Lines below starting with the line with "Sonrise Donuts, with" and going on through the line with "per 1000 km |" must be output exactly; the rest of the records must be left out.

-- DATA SECTION --
-.-.-

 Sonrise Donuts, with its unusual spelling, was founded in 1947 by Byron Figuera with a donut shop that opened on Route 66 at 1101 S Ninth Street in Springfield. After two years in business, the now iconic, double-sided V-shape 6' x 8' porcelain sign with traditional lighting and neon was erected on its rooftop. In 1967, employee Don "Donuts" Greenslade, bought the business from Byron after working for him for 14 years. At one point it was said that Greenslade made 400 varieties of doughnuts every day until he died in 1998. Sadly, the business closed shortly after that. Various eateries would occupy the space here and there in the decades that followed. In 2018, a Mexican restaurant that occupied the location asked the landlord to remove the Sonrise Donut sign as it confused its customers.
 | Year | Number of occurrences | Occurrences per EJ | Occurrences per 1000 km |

-.-.-

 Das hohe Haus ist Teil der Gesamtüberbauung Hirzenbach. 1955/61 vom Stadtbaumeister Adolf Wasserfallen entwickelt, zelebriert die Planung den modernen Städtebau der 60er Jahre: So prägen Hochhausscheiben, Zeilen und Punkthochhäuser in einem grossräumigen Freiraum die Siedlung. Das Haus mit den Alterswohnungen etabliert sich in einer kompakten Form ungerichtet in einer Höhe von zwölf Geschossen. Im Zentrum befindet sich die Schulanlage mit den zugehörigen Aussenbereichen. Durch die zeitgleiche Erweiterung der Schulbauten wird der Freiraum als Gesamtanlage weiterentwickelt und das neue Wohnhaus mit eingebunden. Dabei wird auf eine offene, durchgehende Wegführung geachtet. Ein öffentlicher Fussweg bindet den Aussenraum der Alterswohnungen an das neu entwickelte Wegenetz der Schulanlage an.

-.-.-

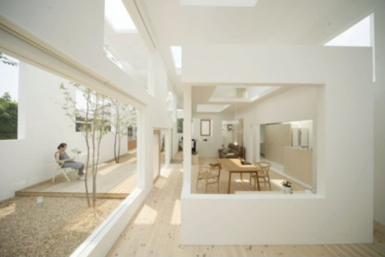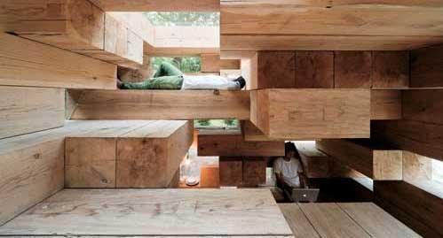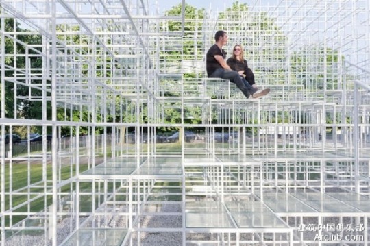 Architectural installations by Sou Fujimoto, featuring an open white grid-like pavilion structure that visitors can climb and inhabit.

-.-.-

-- SOLUTION TO THIS PROBLEM --
 Sonrise Donuts, with its unusual spelling, was founded in 1947 by Byron Figuera with a donut shop that opened on Route 66 at 1101 S Ninth Street in Springfield. After two years in business, the now iconic, double-sided V-shape 6' x 8' porcelain sign with traditional lighting and neon was erected on its rooftop. In 1967, employee Don "Donuts" Greenslade, bought the business from Byron after working for him for 14 years. At one point it was said that Greenslade made 400 varieties of doughnuts every day until he died in 1998. Sadly, the business closed shortly after that. Various eateries would occupy the space here and there in the decades that followed. In 2018, a Mexican restaurant that occupied the location asked the landlord to remove the Sonrise Donut sign as it confused its customers.
 | Year | Number of occurrences | Occurrences per EJ | Occurrences per 1000 km |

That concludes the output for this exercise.